Input Encoding for Machine Learning

Machine learning methods tend to rely on numerical input. Many types of data such as user reviews are in textual form; some conversion is needed to go from e.g. a review text so some sort of numerical format that can be used as input for a neural net.

One of the more common approaches is discussed here.

The Pang/Lee Sentiment Polarity Dataset

This dataset of 2000 movie reviews categorized in positive and negative sentiment classes has been used in a number of studies, and it still provides a good base for comparison of machine learning methods.

http://www.cs.cornell.edu/people/pabo/movie-review-data/

Download and unpack the .tar file in the current directory of your notebook or Python script.

Files are organized in directories txt_sentoken/pos/ and /neg/ with reviews in individual files, such as

txt_sentoken/pos/cv754_7216.txt

kolya is one of the richest films i've seen in some time . zdenek sverak plays a confirmed old bachelor ( who's likely to remain so ) , who finds his life as a czech cellist increasingly impacted by the five-year old boy that he's taking care of . though it ends rather abruptly-- and i'm whining , 'cause i wanted to spend more time with these characters-- the acting , writing , and production values are as high as , if not higher than , comparable american dramas . this father-and-son delight-- sverak also wrote the script , while his son , jan , directed-- won a golden globe for best foreign language film and , a couple days after i saw it , walked away an oscar . in czech and russian , with english subtitles .

We observe

  • the text is already split into tokens with whitespace (blank or newline) as separator
  • the text is all lower-case; this is both a blessing and a curse:
    • for our hot word approach this is fine
    • entity recognition e.g. of proper names would be more difficult

We also see typical problems in data from real sources such as movie reviews: The double dash '--' was not split properly. Expect things like that to happen. Never rely on anything to work perfectly.

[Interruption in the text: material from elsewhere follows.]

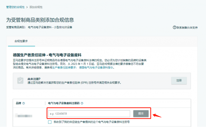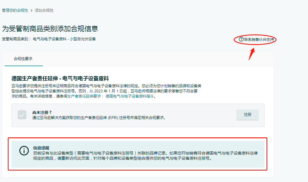 若是在上传时出现"目前没有与此设备类型关联的品牌记录"的提醒,可检查类别是否选择正确或类别和品牌是否正确注册,也可以点击右上角"联系销售伙伴"开CASE解决。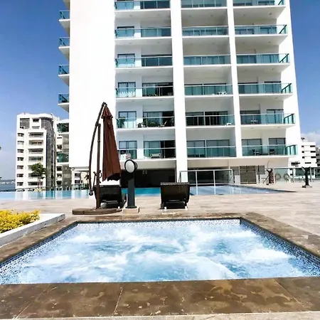 19Th Floor Luxury Apartment Bay View Cartagena, situado a una distancia de 2 km del Museo de Arte Moderno de México, ofrece instalaciones de spa, incluyendo solárium, un jacuzzi y sauna. La Plaza de Las Bóvedas se encuentra a unos 3 km y el Centro Comercial La Mansión está cerca del apartamento de 97 m².

  • We can use the read() function to get the whole content of the file
  • and then split() without parameter i.e. whitespace to get the tokens

Let's print the content of positive and negative reviews and check whether the splitting works as expected:

In [395]:
filelst = ['txt_sentoken/pos/cv754_7216.txt','txt_sentoken/neg/cv435_24355.txt']
for fn in filelst:
    print(fn)
    print(open(fn).read().split())
    
txt_sentoken/pos/cv754_7216.txt
['kolya', 'is', 'one', 'of', 'the', 'richest', 'films', "i've", 'seen', 'in', 'some', 'time', '.', 'zdenek', 'sverak', 'plays', 'a', 'confirmed', 'old', 'bachelor', '(', "who's", 'likely', 'to', 'remain', 'so', ')', ',', 'who', 'finds', 'his', 'life', 'as', 'a', 'czech', 'cellist', 'increasingly', 'impacted', 'by', 'the', 'five-year', 'old', 'boy', 'that', "he's", 'taking', 'care', 'of', '.', 'though', 'it', 'ends', 'rather', 'abruptly--', 'and', "i'm", 'whining', ',', "'cause", 'i', 'wanted', 'to', 'spend', 'more', 'time', 'with', 'these', 'characters--', 'the', 'acting', ',', 'writing', ',', 'and', 'production', 'values', 'are', 'as', 'high', 'as', ',', 'if', 'not', 'higher', 'than', ',', 'comparable', 'american', 'dramas', '.', 'this', 'father-and-son', 'delight--', 'sverak', 'also', 'wrote', 'the', 'script', ',', 'while', 'his', 'son', ',', 'jan', ',', 'directed--', 'won', 'a', 'golden', 'globe', 'for', 'best', 'foreign', 'language', 'film', 'and', ',', 'a', 'couple', 'days', 'after', 'i', 'saw', 'it', ',', 'walked', 'away', 'an', 'oscar', '.', 'in', 'czech', 'and', 'russian', ',', 'with', 'english', 'subtitles', '.']
txt_sentoken/neg/cv435_24355.txt
['a', 'couple', 'of', 'criminals', '(', 'mario', 'van', 'peebles', 'and', 'loretta', 'devine', ')', 'move', 'into', 'a', 'rich', "family's", 'house', 'in', 'hopes', 'of', 'conning', 'them', 'out', 'of', 'their', 'jewels', '.', 'however', ',', 'someone', 'else', 'steals', 'the', 'jewels', 'before', 'they', 'are', 'able', 'to', 'get', 'to', 'them', '.', 'writer', 'mario', 'van', 'peebles', 'delivers', 'a', 'clever', 'script', 'with', 'several', 'unexpected', 'plot', 'twists', ',', 'but', 'director', 'mario', 'van', 'peebles', 'undermines', 'his', 'own', 'high', 'points', 'with', 'haphazard', 'camera', 'work', ',', 'editing', 'and', 'pacing', '.', 'it', 'felt', 'as', 'though', 'the', 'film', 'should', 'have', 'been', 'wrapping', 'up', 'at', 'the', 'hour', 'mark', ',', 'but', 'alas', 'there', 'was', 'still', '35', 'more', 'minutes', 'to', 'go', '.', 'daniel', 'baldwin', '(', 'i', "can't", 'believe', "i'm", 'about', 'to', 'type', 'this', ')', 'gives', 'the', 'best', 'performance', 'in', 'the', 'film', ',', 'outshining', 'the', 'other', 'talented', 'members', 'of', 'the', 'cast', '.', '[r]']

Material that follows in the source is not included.